Colombian grebe
- Conservation status: Extinct (1977) (IUCN 3.1)

Scientific classification
- Kingdom: Animalia
- Phylum: Chordata
- Class: Aves
- Order: Podicipediformes
- Family: Podicipedidae
- Genus: Podiceps
- Species: †P. andinus
- Binomial name: †Podiceps andinus (Meyer de Schauensee, 1959)

= Colombian grebe =

- Genus: Podiceps
- Species: andinus
- Authority: (Meyer de Schauensee, 1959)
- Conservation status: EX

Extinct species of bird

The Colombian grebe (Podiceps andinus) is an extinct species of flightless grebe that inhabited the Bogotá wetlands on the Bogotá savanna in the Eastern Ranges of the Andes of Colombia. The species was still abundant in Lake Tota in 1945. The species has often been considered a subspecies of black-necked grebe (P. nigricollis), and is genetically nested within it; it differed from black-necked grebe most notably in having a reddish-brown (not black) foreneck, and more orangey-toned (rather than yellow) ear tufts.

The decline of the Colombian grebe is attributed to wetland drainage, siltation, pesticide pollution, disruption by reed harvesting, hunting, competition, and predation of chicks by invasive introduced rainbow trout (Oncorhynchus mykiss).

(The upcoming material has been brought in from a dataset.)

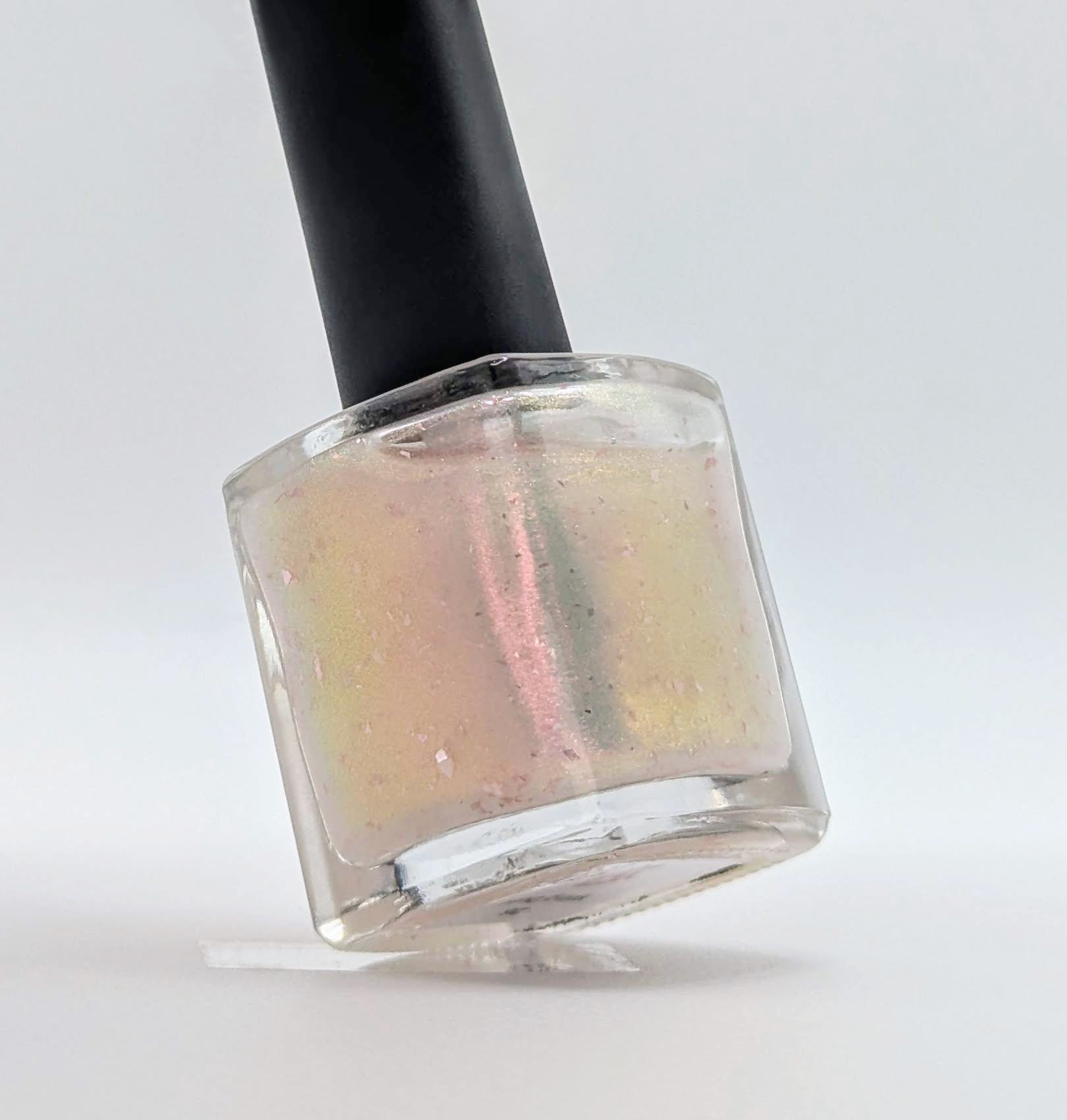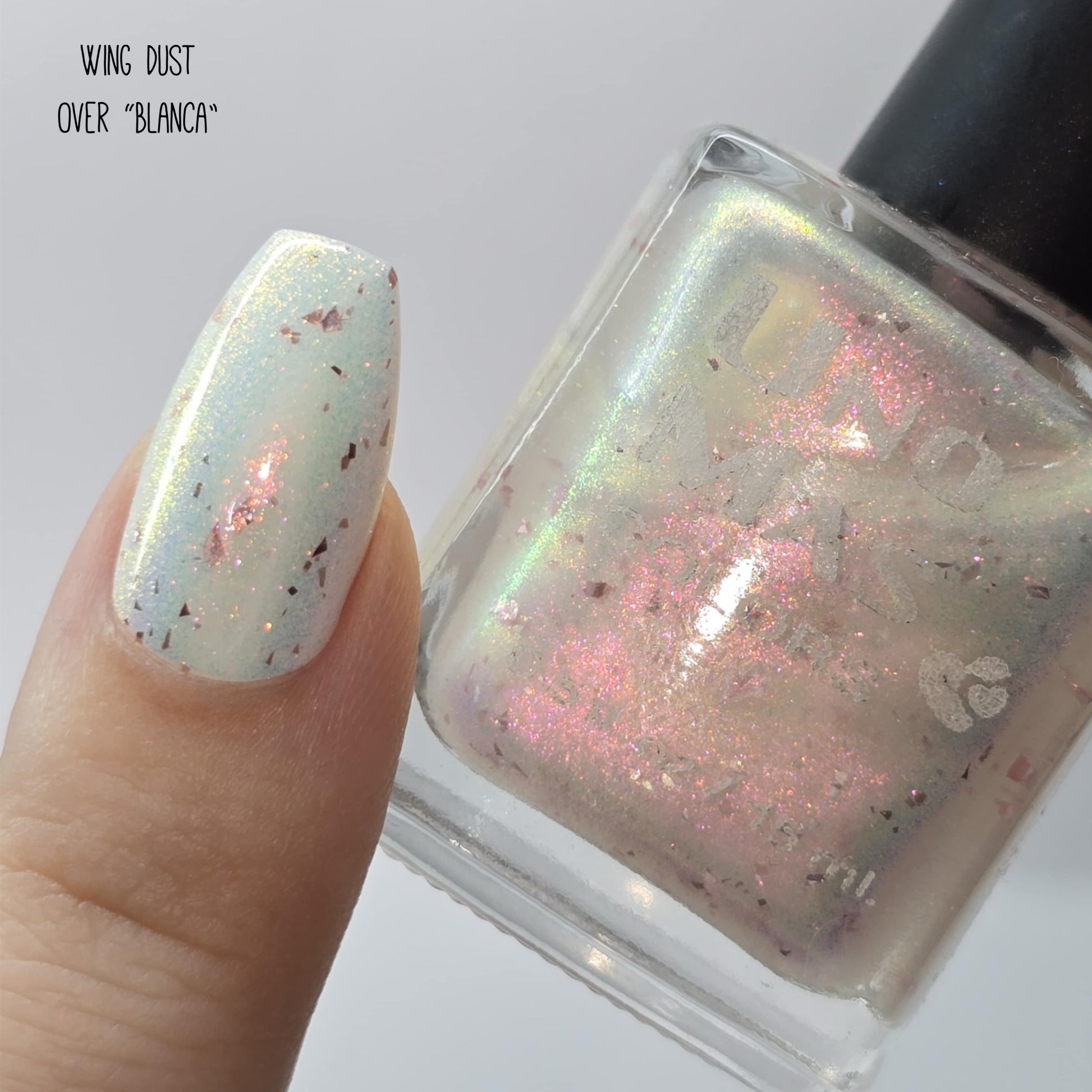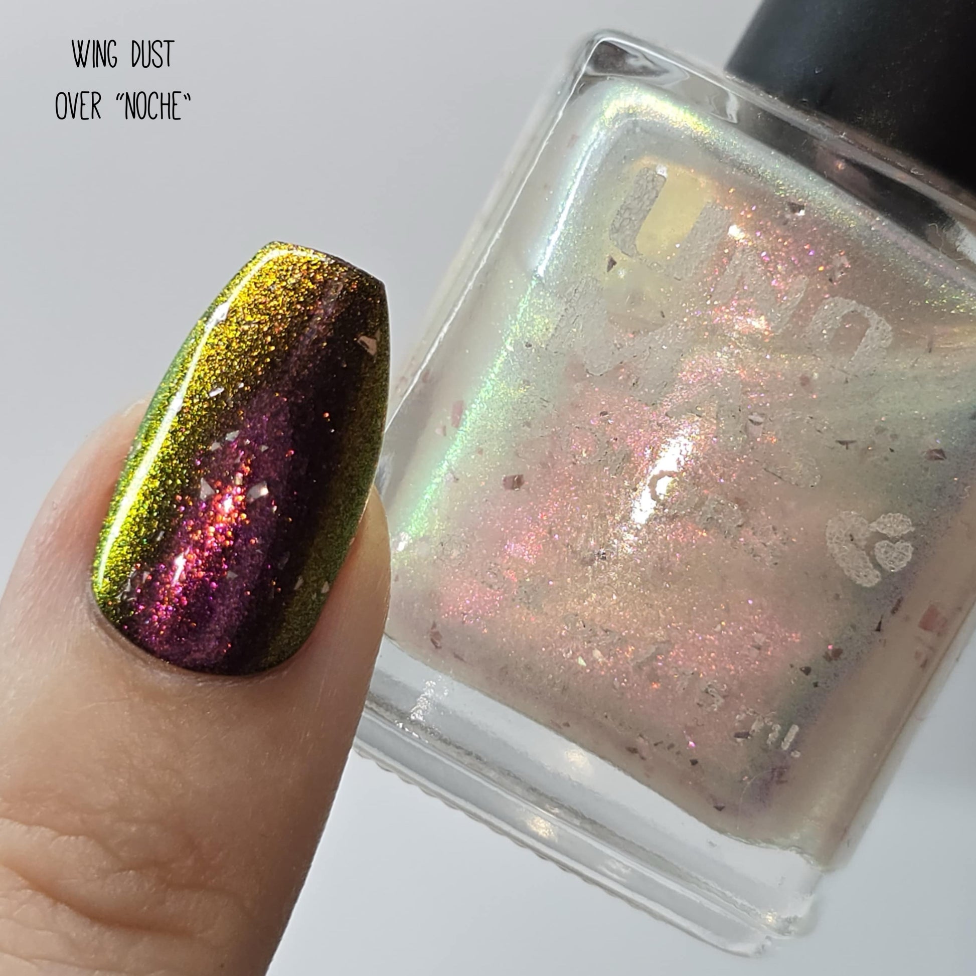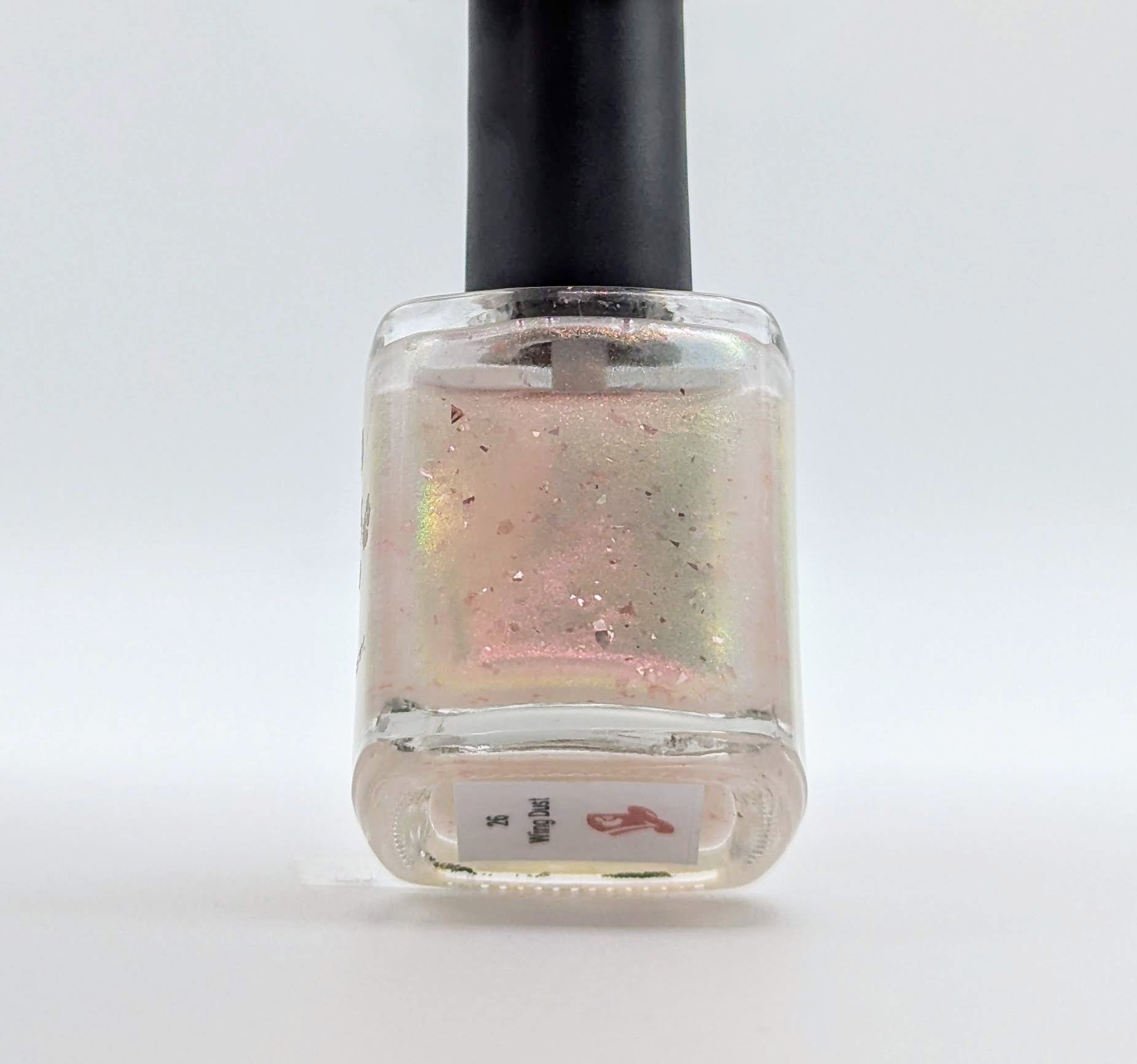 Wing Dust is a light pink/gold iridescent shimmer with pink sparkle and small pink/silver flakies designed to enhance any base color. We suggest 1 coat for a faint shimmer, 2 coats for a strong shimmer. You can also use this topper as a stand alone polish, just play with the layering to create what you like!

The primary reason was loss of habitat: drainage of wetlands and siltation resulted in higher concentrations of pollutants, causing eutrophication across Lake Tota. This destroyed the open, submergent pondweed (Potamogeton) vegetation and resulted in the formation of a dense monoculture of water weed (Elodea).

By 1968, the species had declined to approximately 300 birds. Only two records of this bird were made in the 1970s; one seen 1972, and the last confirmed record from 1977 when three birds were seen. Intensive studies in 1981 and 1982 failed to find the species and it is now considered extinct.